BIS-Seq (Bisulfite Sequencing) of the Methylome

Brief Description: Whole-genome bisulfite sequencing (WGBS) detects DNA methylation by converting unmethylated cytosine to uracil bases, followed by sequencing of genomic DNA.

Example Bioinformatics Pipeline:

Initial Steps: Quality control of reads (FastQC, TrimGalore), alignment (Bismark/Bowtie2).
Later Phases: Deduplication and methylation analysis (Bismark tools), differential analysis (msPIPE or methylKit in R).

CGEBM Workflow: We use Bismark for alignment and methylation calling followed by differential methylation analysis with methylKit. Our bioinformaticians can provide expert assistance in all phases of this analysis. For instance, when Bismark’s output format is insufficient for reporting purposes, bespoke scripts can be used to fulfil the requirements of the study. Our bioinformatics service includes data management, reporting and provision of publication-quality figures.

Relevant Training: An up-to-date pipeline using Bismark, including software suggestions and steps can be found on the nf-core MethylSeq page.

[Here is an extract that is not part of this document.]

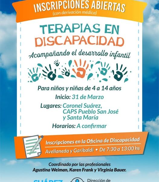 La Dirección de Discapacidad informa que se encuentra abierta la inscripción a “Terapias en Discapacidad”, un espacio destinado a acompañar y fortalecer el desarrollo integral de niños y niñas, a través de abordajes terapéuticos específicos.

Single-Cell RNA-Seq (scRNA-Seq), ATAC-Seq (scATAC-Seq) and multiomics

Brief Description: Single-Cell RNA-Seq measures whole transcriptome gene expression in individual cells, providing single cell resolution of gene expression in heterogeneous samples ). This can be highly informative in the exploration of heterogeneous samples (e.g. blood, tumours, brain, organoids, etc), where impact of conditions on specific cell types may be masked in a bulk RNAseq analysis.

Example Bioinformatics Pipeline:

Initial Steps: Demultiplexing (e.g. Cellranger and bcl2fastq for 10x Genomics data), alignment and quantification of reads at gene regions, and filtering of ambient RNA outside of single cells.
Later Phases: The level of downstream analysis is often determined by the objectives of the project. Loupe Cell Browser, for instance, is a software package provided by 10X Genomics that allows visualisation of the cloupe file generated by Cell Ranger count. Other typical tools used are mainly developed for the R and Python environments. The R package Seurat, along with the ScanPy tool and the scverse ecosystem, are the main tools available for each of these environments. Cloud-based solutions, such as Parse Biosciences’ Trailmaker^TM are also becoming more popular. Quality assessment and removal of outlying cells, normalisation of gene expression measurements for each cell, dimensionality reduction, visualisation of cell clusters, visualisation of cells expressing genes of interest, identification of gene expression changes between cells, and the determination of biomarkers within each cell cluster are some of the examples of downstream analysis steps that may be carried out.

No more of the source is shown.